The sprawling old mansion had special meaning for Johnny. It was in a room upstairs where he had been born twelve-and-three-quarters years ago. It was sure a lot niftier place to get born than Zenith General Hospital.
A few minutes later, the limousine pulled up in front of the mansion’s broad entry staircase. Dame Honoria was waiting for them, along with a dozen or so servants—all lined up, as if for military review. Maids and pages and butlers and cooks. Some of them were alive and some were ghosts.
Everyone piled out of the automobile and climbed the stairs up into the big country house. Johnny was even more impressed when he set foot in the grand foyer full of statuary and paintings. There were lots of battle scenes and bare-chested ladies.

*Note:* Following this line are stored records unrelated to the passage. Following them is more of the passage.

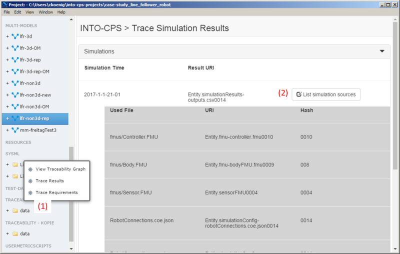 To master the complexity of different models, simulation results, test cases and all the other files that are being generated over the course of a CPS's development cycle, INTO-CPS offers support for traceability. This means that all the tools send information of generated or modified files (such as requirements that are created, connections diagrams that are exported, or FMUs that are compiled) to a central database. The user can then query the database for the connections between the different artifacts. For example, the user can reconstruct from which FMU versions a simulation result was created. This is integrated into the INTO-CPS application and shown in the following figure.
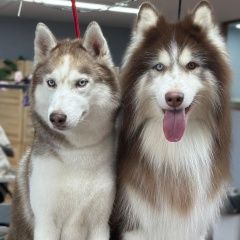 Убежала собака в районе ул Королева (погнался за самкой) Пес добрый, взрослый, нуждается в лечении Окрас темно коричневый с белой грудкой (помесь маламута и хаски) Глаза разного цвета
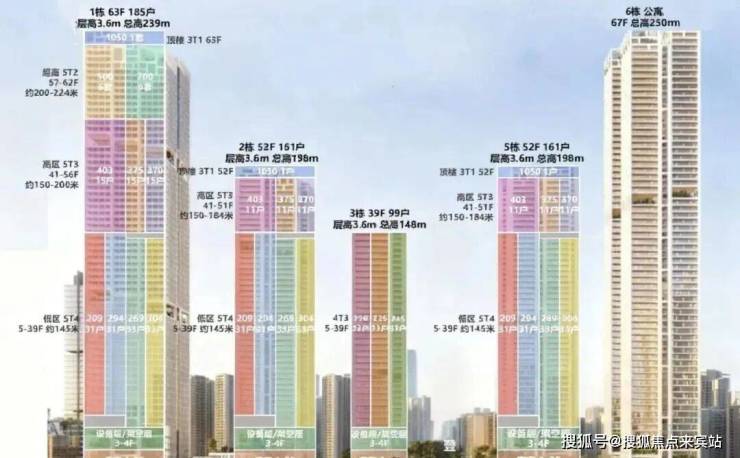 项目容积率7.59,限高250米,规划5栋超高层住宅,采用全玻璃幕墙设计,实用率高达92%以上,主力户型200㎡以上大平层。

How could you walk around here without stopping to look at artwork all the time?
“Now, before we have our lunch, I think we should gather in the library,” Dame Honoria announced. “I want to hear everything that has happened.” Leading them across the grand foyer, she glanced over her shoulder at Johnny, Mel, and Nina. “I understand you had quite an interesting stroll back from the theater last night.”
Now that was an understatement, if ever Johnny had heard one.
The library was on the main floor corridor to the left of the foyer, and was just as impressive, in its own way. Books were shelved from floor to ceiling. There must have been ten thousand of them. And several folding banquet tables had been set up in the center of the room. They held a number of boxes filled with papers and books, which Dame Honoria explained had belonged to Percy. Every scrap was to be gone through, looking for clues. That was going to be a heckuva job. Johnny didn’t envy Dame Honoria and Mel the task.